While such observations do not demonstrate causality, numerous studies have followed them up with controlled experiments, including fumigations, filtrations and transect exercises, which have demonstrated unequivocally that urban air pollution can have marked impacts on the performance of both pests and pathogens. A comprehensive review of this research is given by Flückiger et al. (2002).
In general, insect pests, whether sucking or chewing, show increased incidence in the presence of air pollution, with most evidence pointing towards changes in plant chemistry being the causal mechanism, whereas fungal pathogens show a more mixed range of responses.
Particulate Matter and Dust Coating
Particulate matter such as cement dust, magnesium-lime dust and carbon soot deposited on vegetation can inhibit the normal respiration and photosynthesis mechanisms within the leaf. Cement dust may cause chlorosis and death of leaf tissue by the combination of a thick crust and alkaline toxicity produced in wet weather.
The dust coating also may affect the normal action of pesticides and other agricultural chemicals applied as sprays to foliage. In addition, accumulation of alkaline dusts in the soil can increase soil pH to levels adverse to crop growth.
Dimming of Solar Radiation
While high atmospheric levels of particles known as aerosols are known to adversely affect human health, they can also reduce the amount of sunlight reaching the surface of the Earth, a phenomenon known as “solar dimming.” As less solar energy reaches the surface, evaporation rates decrease. Experts point out that in some cases, increasing pollution can reduce water availability. The solar dimming could reduce evaporation so much that it disrupts the water cycle and ultimately reduce rainfall. The Dimming of Solar radiation may affect the vegetation canopy photosynthesis which may influence the net primary production of crop productions.

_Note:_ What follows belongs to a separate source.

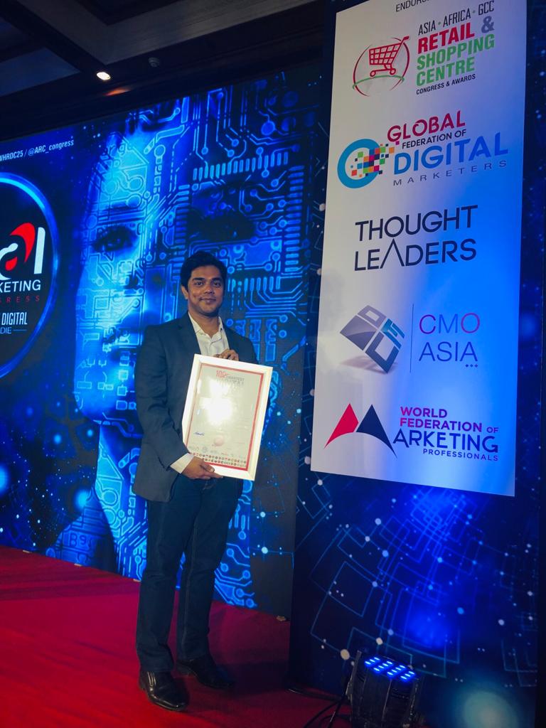 We are thrilled to share that our CEO, Mr.Ananthanarayanan V (Ananth V) has been awarded by CMO ASIA and World Marketing Congress at Taj Lands End, Mumbai on February 13th 2019 for his work in digital marketing.

The solar radiation reaching the Earth’s surface is the primary driver of plant photosynthesis. Photosynthesis increases nonlinearly with incident photosynthetically active radiation (PAR), saturating at light levels that are often exceeded on bright days during the growing season. Even though the diffuse light due to air pollution (aerosols) and cloudiness can enhance photosynthesis particularly in tall and dense vegetation canopies opposite characteristics with a dominance of the total radiation effect have been found for grassland with low canopies as it has little benefits from the enhanced diffuse fraction, while suffering from the loss in the total amount of sunlight for photosynthesis.

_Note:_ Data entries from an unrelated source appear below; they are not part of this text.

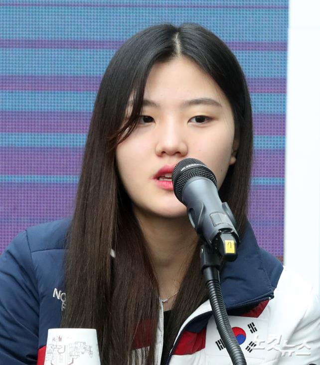 이유빈이 23일 오전 강원도 강릉 올림픽파크 내 코리아하우스에서 열린 '2018 평창동계올림픽 대한민국 여자 쇼트트랙 대표팀 기자회견'에서 취재진의 질문에 답하고 있다.
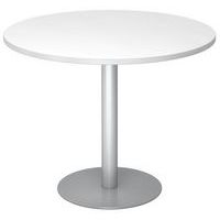 Ronde vergadertafel 100 cm, Tafelblad kleur: Wit, Onderstel kleur: Zilver, Meubellijn: Mittis Minos
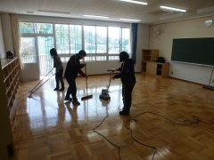 全ての教室の整備、掃除、傷んだ机の天板入替、ワックスがけなどを行いました。

Air Pollution and Groundwater
According to the study conducted by Stefania.S. et al 2017, the rainfalls reduce air pollution in the troposphere, since contaminants are captured and dissolved by raindrops or involved in the formation of particulate matter. Consequently, a fraction of rainfalls, enriched in dissolved ions derived from air pollutants, infiltrates through ground surface and migrates through the vadose zone, contributing to groundwater contamination meaning that pollution moves away from air to surface water and, lastly, to groundwater. Atmospheric pollutants deposition impact on terrestrial and aquatic ecosystems as well as on urban areas and croplands. Estimating this impact could help decision-makers in enhancing policy measures aimed at decreasing pollutants emissions from combustion, agriculture and urban wastes.